Primeiro Defesa de Paulo.

      22 E deram-lhe platéia até esta palavra, e, em seguida, levantou a voz e disse: Fora com tal companheiro da terra: para ele não está apto que ele deve viver. 23 E, clamando eles, e arrematar as suas vestes, e lançando pó para o ar, 24 O tribuno mandou que fosse trazido para o castelo, e ordenou que ele fosse interrogado debaixo de açoites; que ele poderia saber por que causa assim clamavam contra ele. 25 Quando o haviam atado com as correias, disse Paulo ao centurião que ali estava: É-vos lícito açoitar um homem que é um romano, sem ser condenado? 26 Quando o centurião ouviu isso, ele foi e disse o comandante, dizendo: Vê o que fazes; porque este homem é romano. 27 Então, o chefe veio e disse-lhe: Dize-me, és tu romano? Ele disse: Sim. 28 E respondeu o tribuno, com uma grande soma de dinheiro adquiri eu essa liberdade. E Paulo disse: Mas eu estava livre nascido. 29 Imediatamente, pois se apartaram dele, que deveria tê-lo examinado: e até o comandante também estava com medo, depois que ele soube que era romano, e por que o tinha ligado. 30 No dia seguinte, porque ele teria conhecido a certeza por que ele era acusado pelos judeus, soltou-o a partir de suas prisões, e mandou os principais sacerdotes e todo o sinédrio, e, trazendo Paulo, apresentou-o diante deles.            

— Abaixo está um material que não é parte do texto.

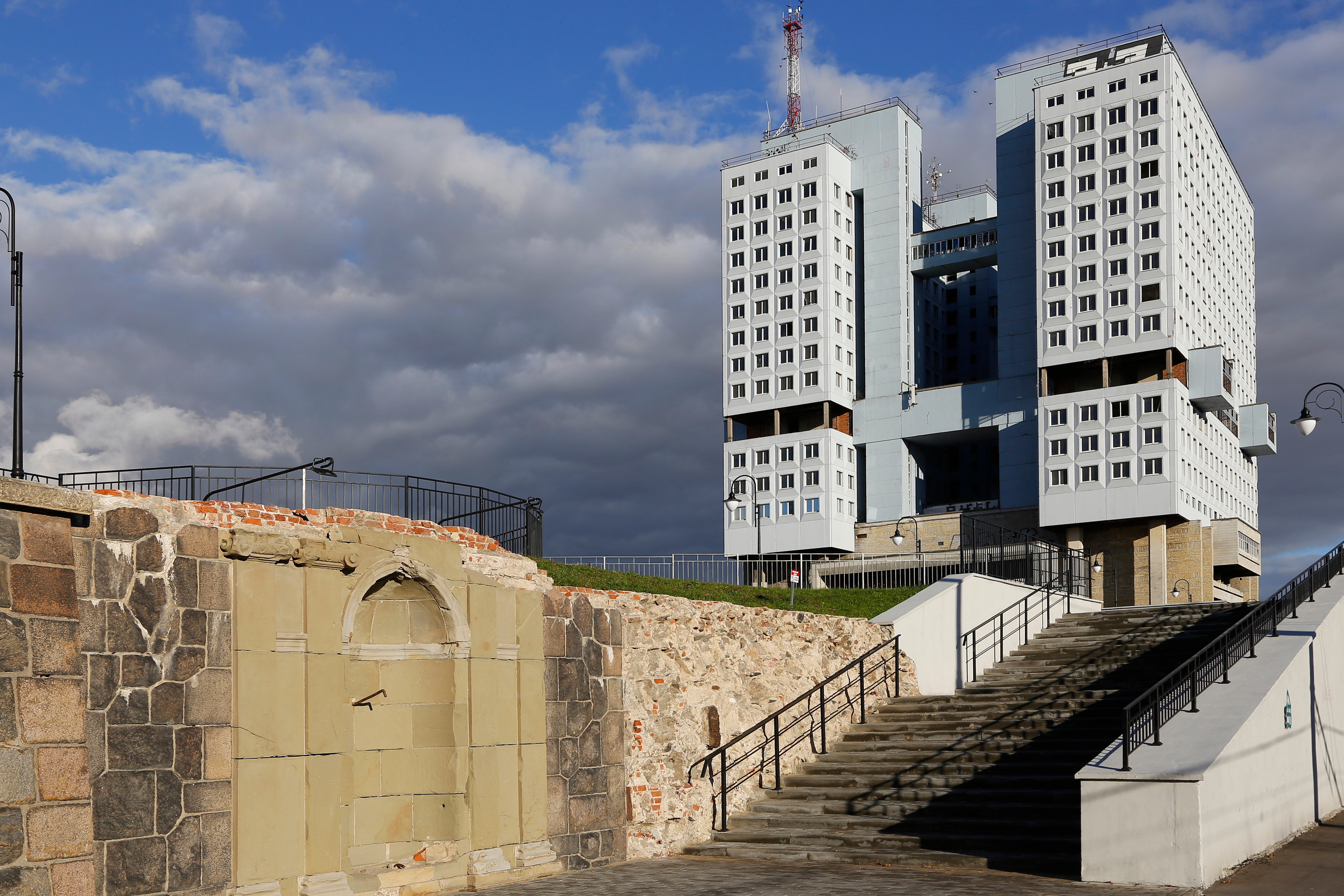 Дмитрий Булатов: Православный собор рядом с Лениным, рядом с рынком. И вот эти два гриба растут. А надо сказать без обиняков, что здесь конфессиональная война развернулась со страшной силой. Везде в России уже официально, что там говорить, православная религия возведена в ранг официоза. Здесь в советские времена ничего такого не было, все пресекалось на корню. Форпост страны, милитаристское, рыбацкое сознание. После этого пошли ростки всякие, а потом грибы такие, монстры. И исторические амбиции через них проглядывают, одна – немецкая амбиция, а здесь – другая амбиция.
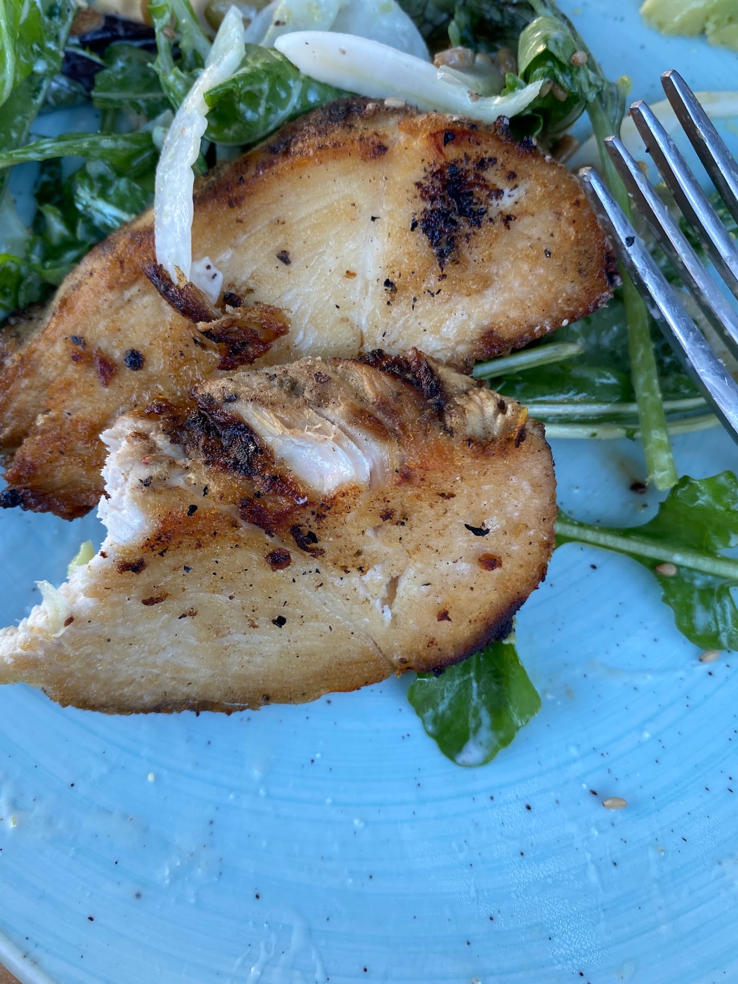 The chicken on this salad looked like a crostini. It had been cooked, microwave and doused with gamma rays. See pic.

      Paul estava acontecendo com esta conta de si mesmo, eles tinham mostrado sua comissão de pregar entre os gentios, sem quaisquer reflexos peevish sobre os judeus, e podemos supor projetado próxima para mostrar como ele estava depois, por uma direção especial do Espírito Santo em Antioch, separado para este serviço, como concurso era dos judeus, como respeitoso para com eles, e como o cuidado de dar-lhes a precedency em todos os lugares para onde ele veio, e para unir judeus e gentios em um corpo; e, em seguida, para mostrar como maravilhosamente Deus lhe havia possuído, e que o bom serviço tinha sido feito para o interesse do Reino de Deus entre os homens em geral, sem danos a qualquer um dos verdadeiros interesses da igreja judaica em particular. Mas, qualquer que seja ele projeta a dizer, eles resolvem ele deve dizer mais nada para eles: Deram-lhe audiência para esta palavra. Até agora, eles o ouviram com paciência e um pouco de atenção. Mas quando ele fala de ser enviada aos gentios, porém, foi o que o próprio Cristo disse-lhe, eles não podem suportar isso, não tanto como ouvir os gentios nomeados, tal inimizade teve eles para eles, e tal ciúme deles . Após a menção a isso, eles não têm nenhuma maneira de paciência, mas esquecer todas as regras de decência e equidade; assim foram provocados ao ciúme por aqueles que não eram pessoas, Rom. x. 19.   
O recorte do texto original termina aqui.